Yuhong Liu is an assistant professor in the Department of Information Science Technology at Penn State Altoona. She received her Ph.D. degree from University of Rhode Island in 2012. She was the recipient of the 2013 University of Rhode Island Graduate School Excellence in Doctoral Research Award. With expertise in trustworthy computing and cyber security, her research interests include three major directions: online social network security, trust management in cyber-physical systems and trustworthy cloud computing. Her work on securing online reputation systems received the best paper award at the IEEE International Conference on Social Computing 2010 (acceptance rate = 13%).

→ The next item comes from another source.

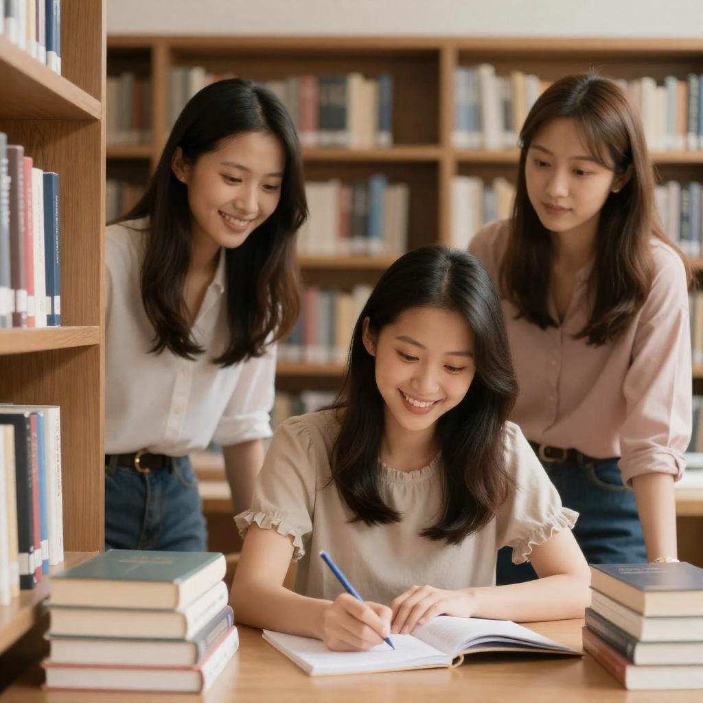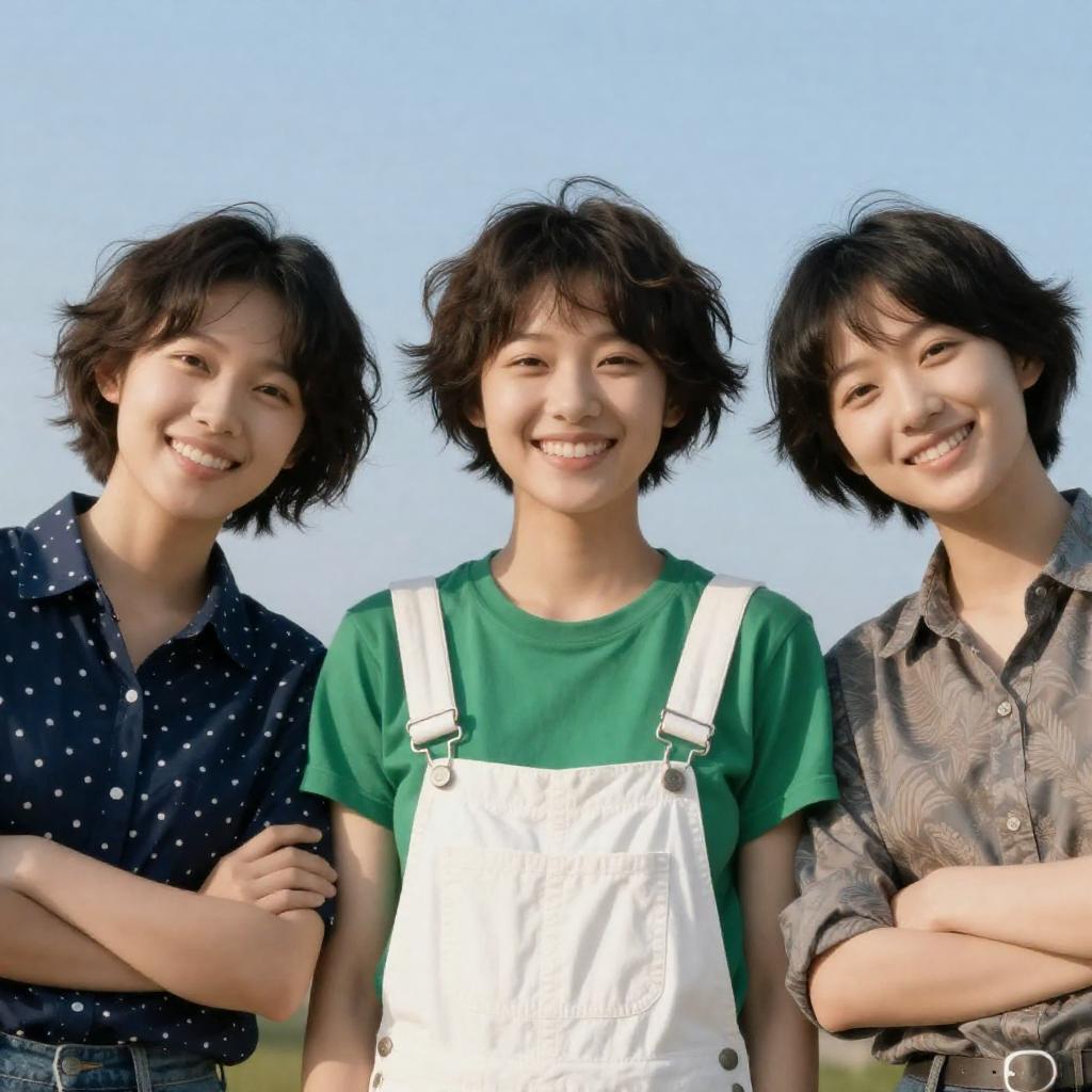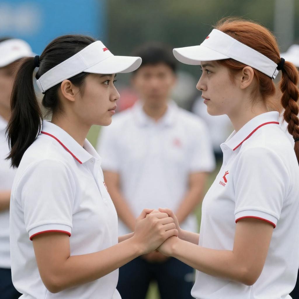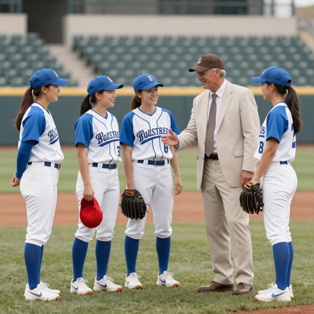 Photograph of three women in a baseball stadium. Two women on the right, one with a red cap and brown vest, one with a red cap and white shirt, smiling and shaking hands. One woman on the left with brown hair and yellow shirt smiling at them. Background includes blurred crowd and baseball field.
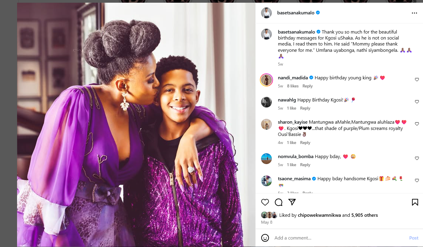 Thank you so much for the beautiful birthday messages for Kgosi uShaka. As he is not on social media, I read them to him. He said “Mommy please thank everyone for me.” Umfana uyabonga, nathi siyambongela.

Venu Madhavi Doddapaneni is currently pursuing her Master’s degree in the program of Applied Computer Science at Northwest Missouri State University. Also, she is a Research Assistant supervised by Dr. Na Li. She received her Bachelor’s degree in Information Technology from Acharya Nagarjuna University, India. Prior to joining Northwest, she worked for SYNTEL as a software engineer in Research and Development (Mobile Computing - iOS) in India for 1 year. Her research interests include network security and mobile computing.
Sai Samrat Malka is currently pursuing his Master’s degree in the program of Applied Computer Science in Northwest Missouri State University. He received his Bachelor’s degree in Electronics and Communication Engineering from Kakatiya University, India. He worked as Software Engineer in an IT company for 2 years prior coming to Northwest. His professional interests include Network security, Mobile computing, Web technology, analysis of real time application and current trends in it.